Understanding Relative Error Calculation for Any Relationship

Relative error is a measure of the uncertainty or error in a measurement relative to the size of the measurement itself. It is often expressed as a percentage and is an important concept in physics, engineering, and other scientific fields where precise measurements are crucial. When dealing with relationships between different quantities, understanding how to calculate relative error can help in assessing the accuracy of derived results.

What is Relative Error?

Relative error is defined as the absolute error divided by the true value of the quantity being measured. The absolute error is the difference between the measured value and the true value.

The formula for relative error is:

$$ \text{Relative Error} = \frac{\text{Absolute Error}}{\text{True Value}} $$

In many cases, the true value is not known, so the accepted value or the experimental value is used as an approximation.

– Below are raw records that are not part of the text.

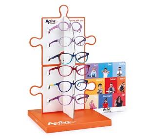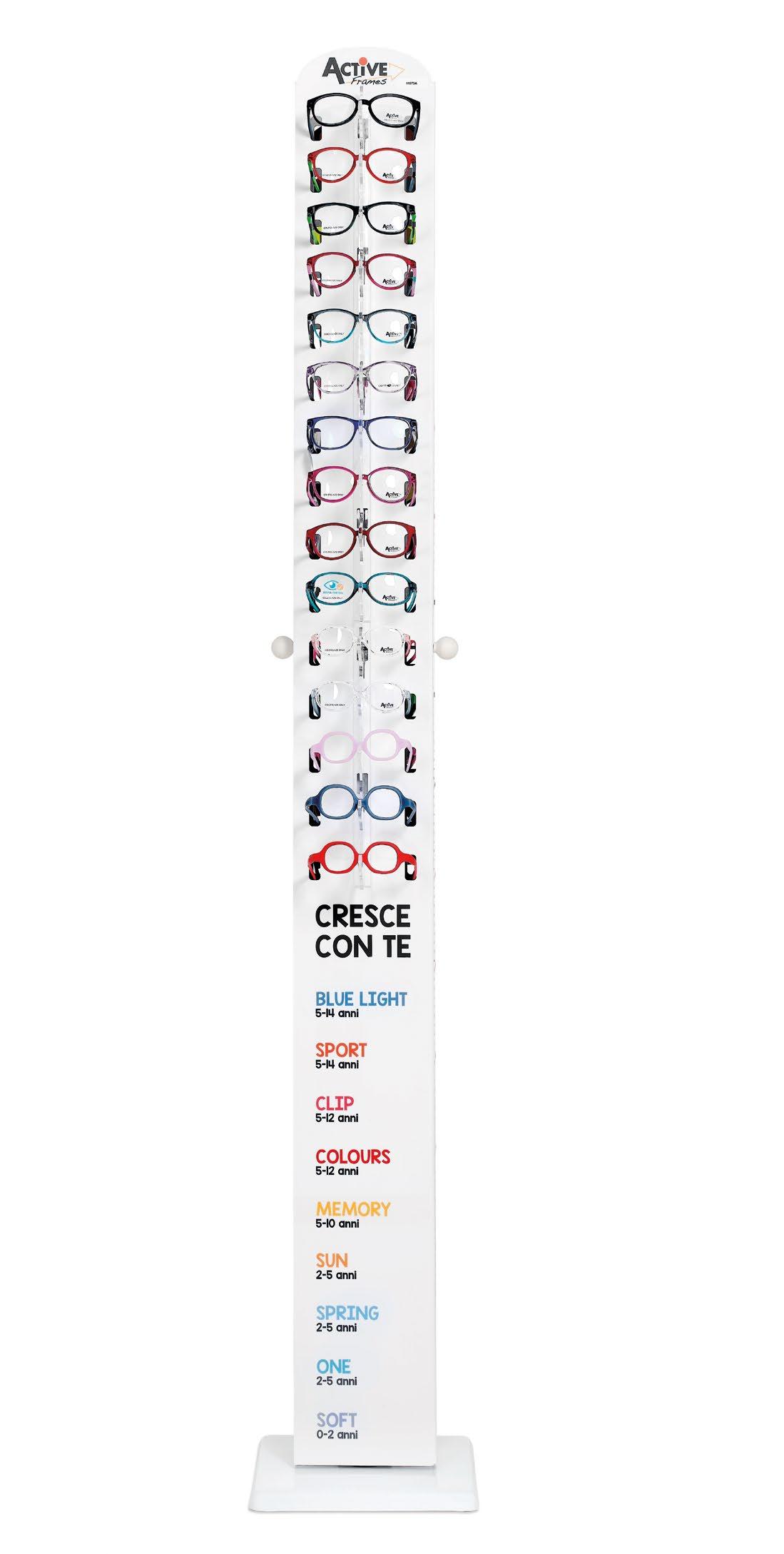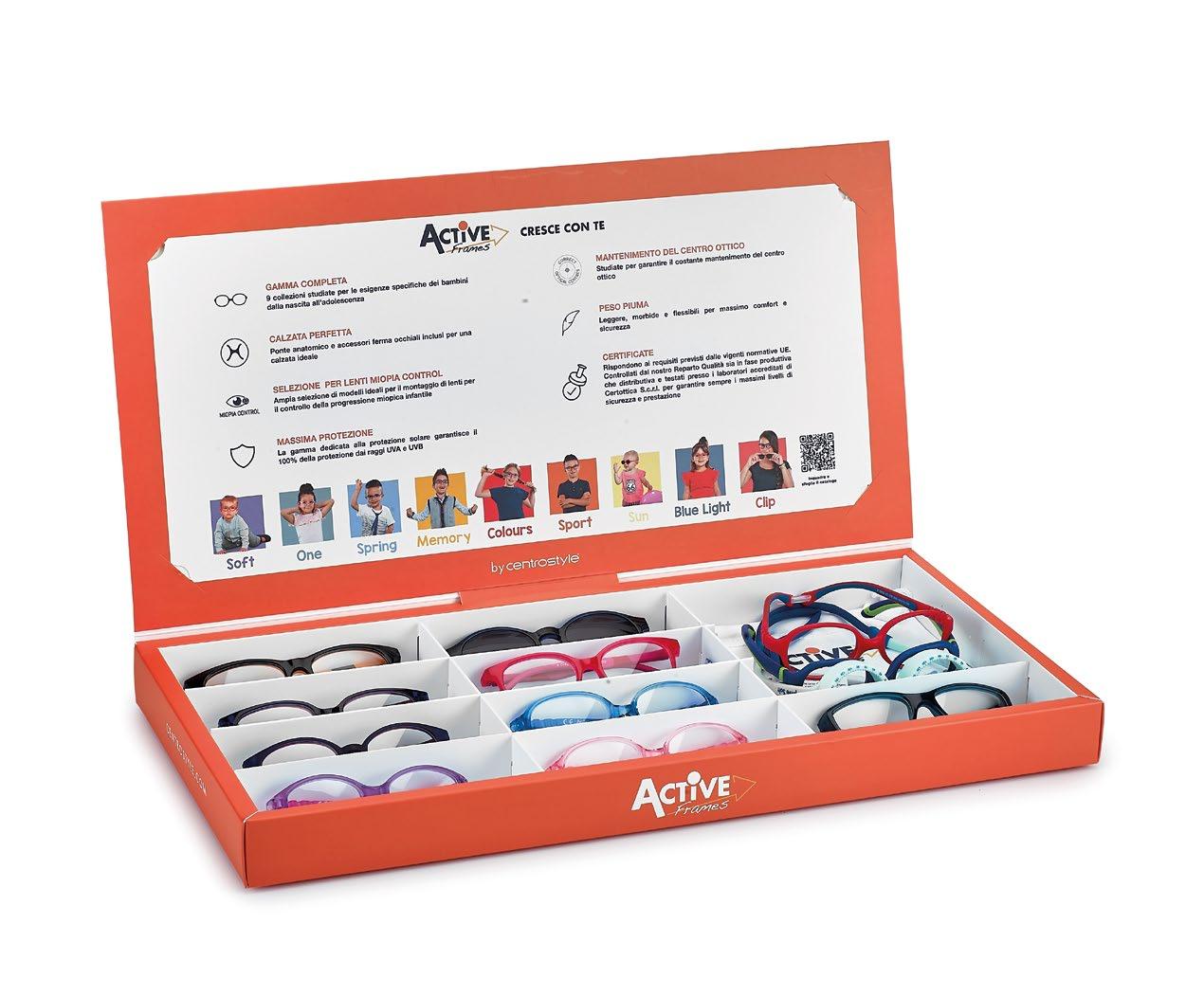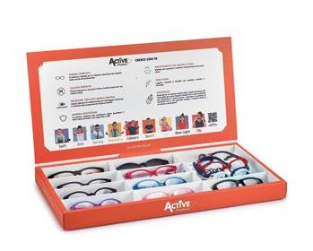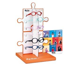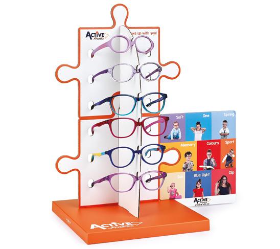 Espositori per la presentazione di montature Active, adatti sia per l’esposizione da banco che per la vetrina
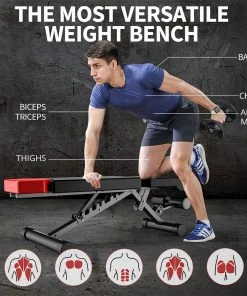 This workout bench can be put together in under 5 minutes. You can use this portable weight bench as a flat bench, an incline bench, a decline bench, an ab bench, or an upright bench for full-body exercises.
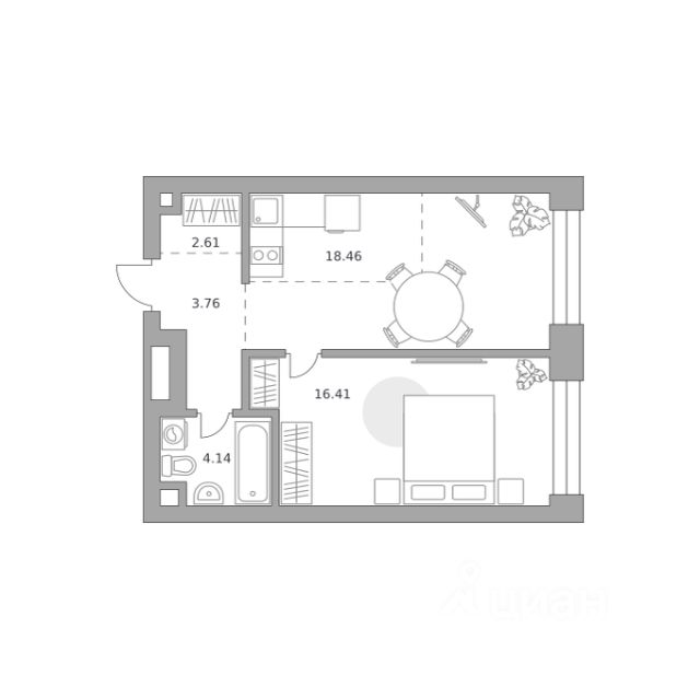 Продаётся 1-комнатная квартира 570, площадью 45,84 м², на 7 этаже в ЖК "Павелецкая от Гранель" корпус 2. Стоимость — от 30445222 руб. Квартира без отделки, планировка односторонняя, окна во двор.
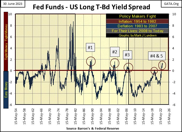 As seen in the chart below, since the early 1980s, every time the idiots inverted the yield curve (#1-4) a selling panic resulted somewhere on Wall Street, and a recession in the economy, as a bubble * THEY INFLATED * was popped by * THEIR INVERSION * of the yield curve;
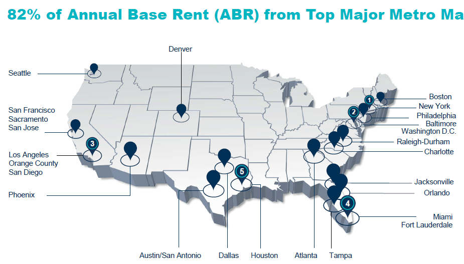 One, its exposure is wide … very wide in the United States, which makes it an ideal logistics REIT. 19% of its assets are situated in Southern California, which basically means Los Angeles. New York City is at 8.5%, followed by Chicago (5.6%), Florida (4.6%), San Francisco (4.4%) and Dallas (5.1%). These are the main cities in the United States that are the centre of trade with the rest of the world.

Calculating Relative Error in Direct Relationships

When quantities are related directly, such as in a linear relationship, the relative error in the result can be calculated by summing the relative errors of the individual quantities.

For example, if $Q = A \cdot B$, where $A$ and $B$ are measured quantities with relative errors $\epsilon_A$ and $\epsilon_B$ respectively, the relative error in $Q$, denoted as $\epsilon_Q$, is given by:

$$ \epsilon_Q = \epsilon_A + \epsilon_B $$

Calculating Relative Error in Inverse Relationships

In inverse relationships, where one quantity is inversely proportional to another, the relative error is also additive. For instance, if $Q = \frac{A}{B}$, the relative error in $Q$ is:

$$ \epsilon_Q = \epsilon_A + \epsilon_B $$

Calculating Relative Error in Power Relationships

When dealing with power relationships, such as $Q = A^n$, the relative error in $Q$ is $n$ times the relative error in $A$:

$$ \epsilon_Q = n \cdot \epsilon_A $$

Table of Relative Error Calculations

Here's a table summarizing the relative error calculations for different types of relationships:

Relationship Type	Formula	Relative Error Calculation
Direct (Product)	$Q = A \cdot B$	$\epsilon_Q = \epsilon_A + \epsilon_B$
Inverse (Quotient)	$Q = \frac{A}{B}$	$\epsilon_Q = \epsilon_A + \epsilon_B$
Power	$Q = A^n$	$\epsilon_Q = n \cdot \epsilon_A$
Root	$Q = \sqrt[n]{A}$	$\epsilon_Q = \frac{1}{n} \cdot \epsilon_A$

Examples

Example 1: Direct Relationship

Suppose we have two measured quantities, $A = 5.0 \pm 0.1$ and $B = 3.0 \pm 0.2$. The relative errors are:

$$ \epsilon_A = \frac{0.1}{5.0} = 0.02 \quad \text{and} \quad \epsilon_B = \frac{0.2}{3.0} = 0.0667 $$

If $Q = A \cdot B$, then the relative error in $Q$ is:

$$ \epsilon_Q = \epsilon_A + \epsilon_B = 0.02 + 0.0667 = 0.0867 $$

Example 2: Inverse Relationship

For the same values of $A$ and $B$, if $Q = \frac{A}{B}$, the relative error in $Q$ is still:

$$ \epsilon_Q = \epsilon_A + \epsilon_B = 0.02 + 0.0667 = 0.0867 $$

Example 3: Power Relationship

If $Q = A^2$, where $A = 5.0 \pm 0.1$, the relative error in $Q$ is:

$$ \epsilon_Q = 2 \cdot \epsilon_A = 2 \cdot 0.02 = 0.04 $$

Example 4: Root Relationship

If $Q = \sqrt{A}$, where $A = 5.0 \pm 0.1$, the relative error in $Q$ is:

$$ \epsilon_Q = \frac{1}{2} \cdot \epsilon_A = \frac{1}{2} \cdot 0.02 = 0.01 $$

Conclusion

Understanding how to calculate relative error in different relationships is essential for accurately determining the uncertainty in derived quantities. By following the formulas and examples provided, students and professionals can ensure that their calculations reflect the precision of their measurements and the inherent uncertainties in their experimental results.